Your sadness is not a problem to be solved. At least, it’s not a problem in the same way as an unbalanced chequebook or that strange rattling noise in your car. Which is not to say that negative feelings and moods aren’t problematic; they for sure do cause great suffering and shrink our lives. But so does a newborn baby, and we rarely regard him or her as a problem to be remedied. We mostly welcome them and the challenges they bring with them, because we recognize that some things we find unpleasant or struggle with are not problems to be fixed. If the baby cries for hours and cannot be soothed, we might suspect it reflects a problem that does need expert attention. So please understand that I’m not suggesting a total resignation to all life’s difficulties.

It really comes down to our first approach to things that we consider undesirable in life. Do we fall into the habit of treating every difficult thought or feeling as if it must be exterminated? Does life become a very long and large escape room were adversity and discomfort are viewed as an unwelcome interruption in our pursuit of getting what we think we want?

Have you ever just sat with a problem instead of trying to fix it right away?

Yeah, neither have I.

I’m just kidding. I’ve actually been working on it in recent years (it’s a slow process). I’m learning to welcome my feelings rather than chase them away regardless of how unpleasant or unwelcome they initially seem.

After the election I didn’t want to feel the deep sadness or anger I had from empathizing with the millions of victims of sexual violence, racism, and bullying who felt like their perpetrators had been affirmed when so many people chose Trump. I knew there wasn’t anything I could do about the result, yet my problem-solving self wanted to come up with something that would fix the pain felt by so many. I didn’t want to feel it and still don’t. I don’t want to care so much but I couldn’t just shut down my feelings. As psychologist writers often do, I put enormous pressure on myself to make sense of it all and offer some kind of hope, some kind of solution for all the unpleasant emotions. Mr. Fix-it was frantically trying to come up with something, but for a few days I restrained him because I’ve learned that there’s real value in allowing myself to have these times when I ache for the world and it’s brokenness.

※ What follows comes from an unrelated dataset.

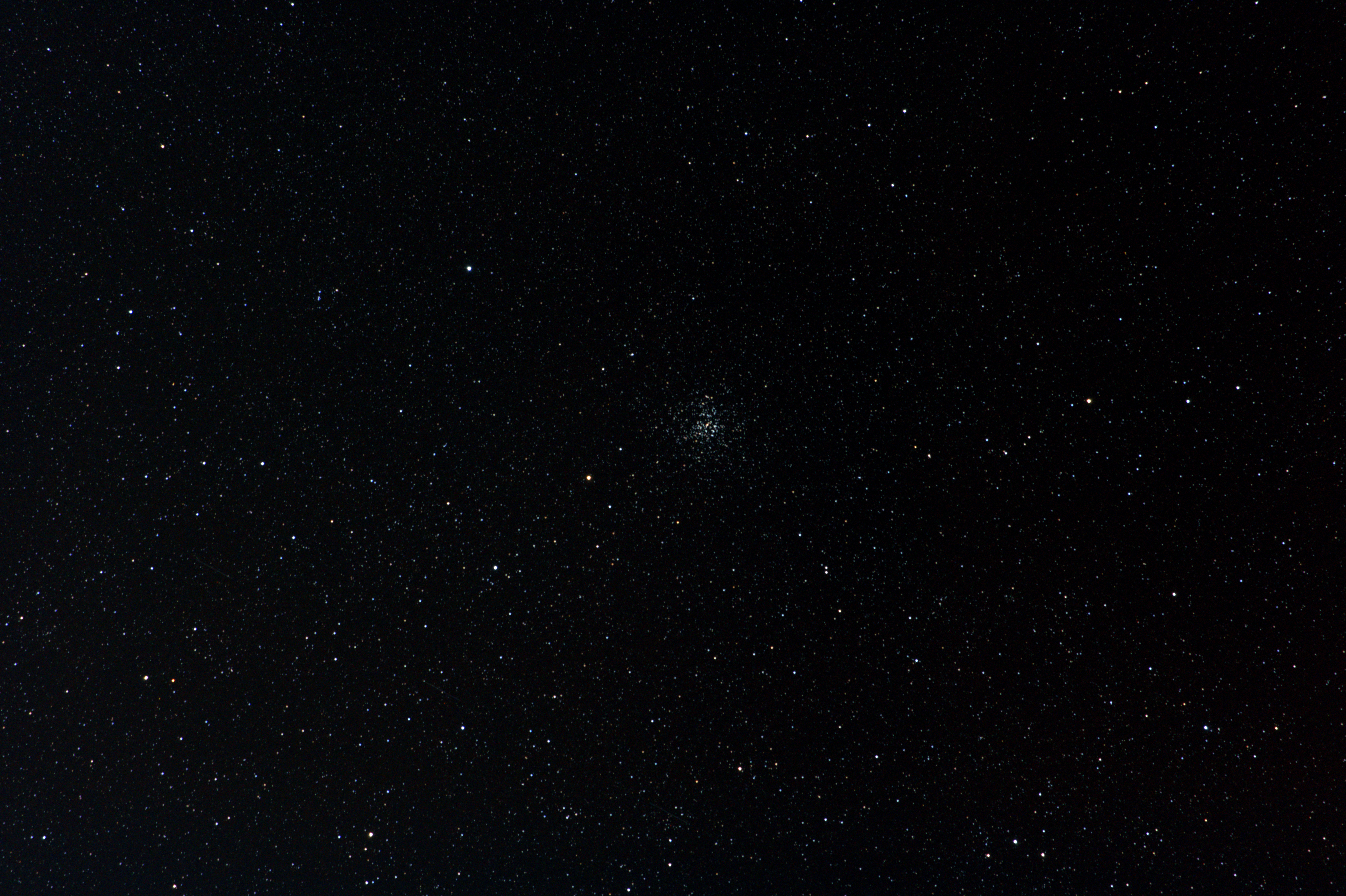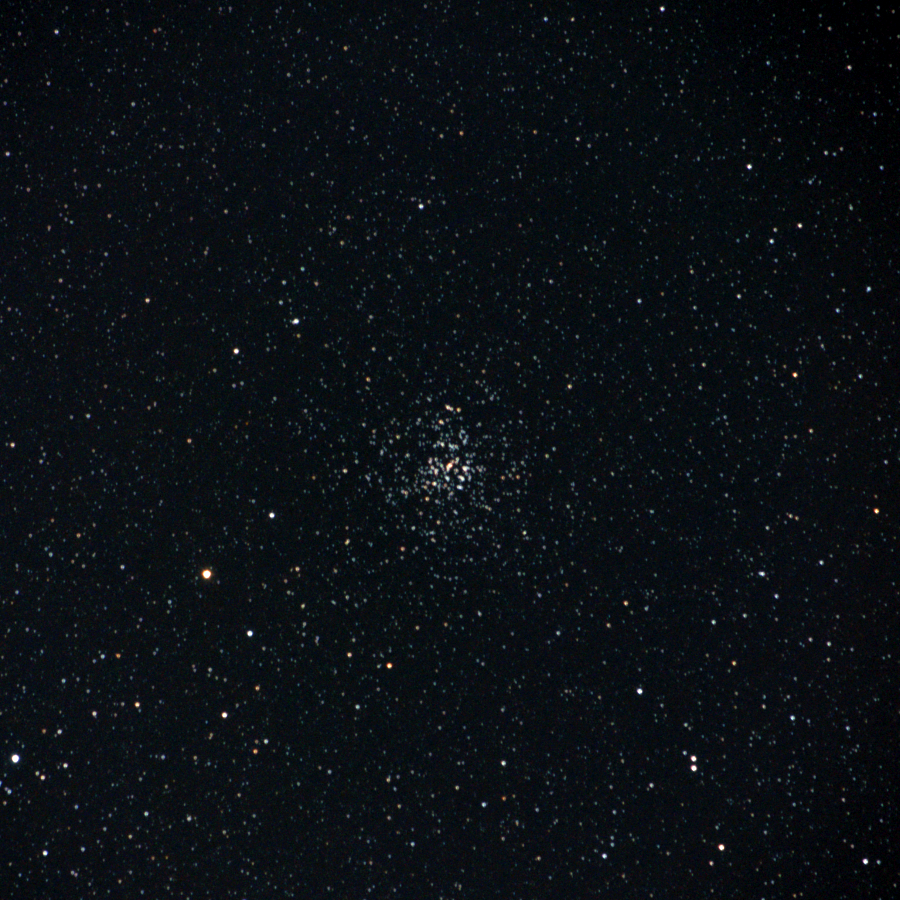 Kommentar: Våren här är den mest mulna tiden på året så det är få klara nätter för tillfället. Tog ut utrustningen mest för att inte glömma av hur man gör. För någon vecka sedan obsade jag M38, M36 och M37 varav den sistnämnda gjorde störst intryck på mig. Hopen verkade vara störst av de tre men mycket mer avlägsen. Idag lärde jag mig att dessa öppna stjärnhopar dissocierar långsamt vilket var lite ledsamt att höra. Fast det spelar ingen större roll, vid den tidpunkten är jag själv riktigt väl dissocierad. Givetvis gör sig hopen inget vidare på bild med ynka 250mm men det får duga för den här gången.

It is good for us to be sorrowful when we see hatred and fear take captive of so many people. We are wise to let ourselves ache for what has happened. There is a time for constructive engagement (which I wrote about here last week), but perhaps you and I can practice restraining our Mr. or Ms. Fix-it just a little bit and instead welcome those difficult reactions we’ve had.

My own Mr. Fix-it has posed a real challenge when it comes to my professional role. Sitting with others’ problems turns him into a hyperactive know-it-all adolescent who wants to jump in whenever there’s an opportunity (see Dr. Phil). But I constrain him when it comes to my work as a therapist because I’ve learned that elements like presence, kindness, compassion, empathy, and emotional intimacy are much more healing than a quick solution. Sometimes we forget that this is true in how we deal with ourselves as well. In the space that follows welcoming those difficult feelings, we have an opportunity to bring elements like compassion to ourselves and our own experience. If we ratchet up the problem-solving mode too quickly, we miss the chance to take care of ourselves and engage a healing process. 

Life is not an escape room. The space where these problems exist is where life happens, not “out there” when you get away from them.

Put your Mr. / Ms. Fix-it on leash and get them to slow down a bit. Maybe you just need to be present with whatever it is you’re feeling right now and be kind to yourself in the midst of that experience. You might have to say out loud, “Not So Fast Mr./Ms. Fix-it!” If quickly getting through problems and moving on to the next one is your usual modus operandi, perhaps consider a different approach. Stay with this current problem and don’t work too hard to escape just yet. Be kind to that part of you that’s struggling just like you would with a dear friend. And remember that you are a person – worthy of the same love and care as any other living thing.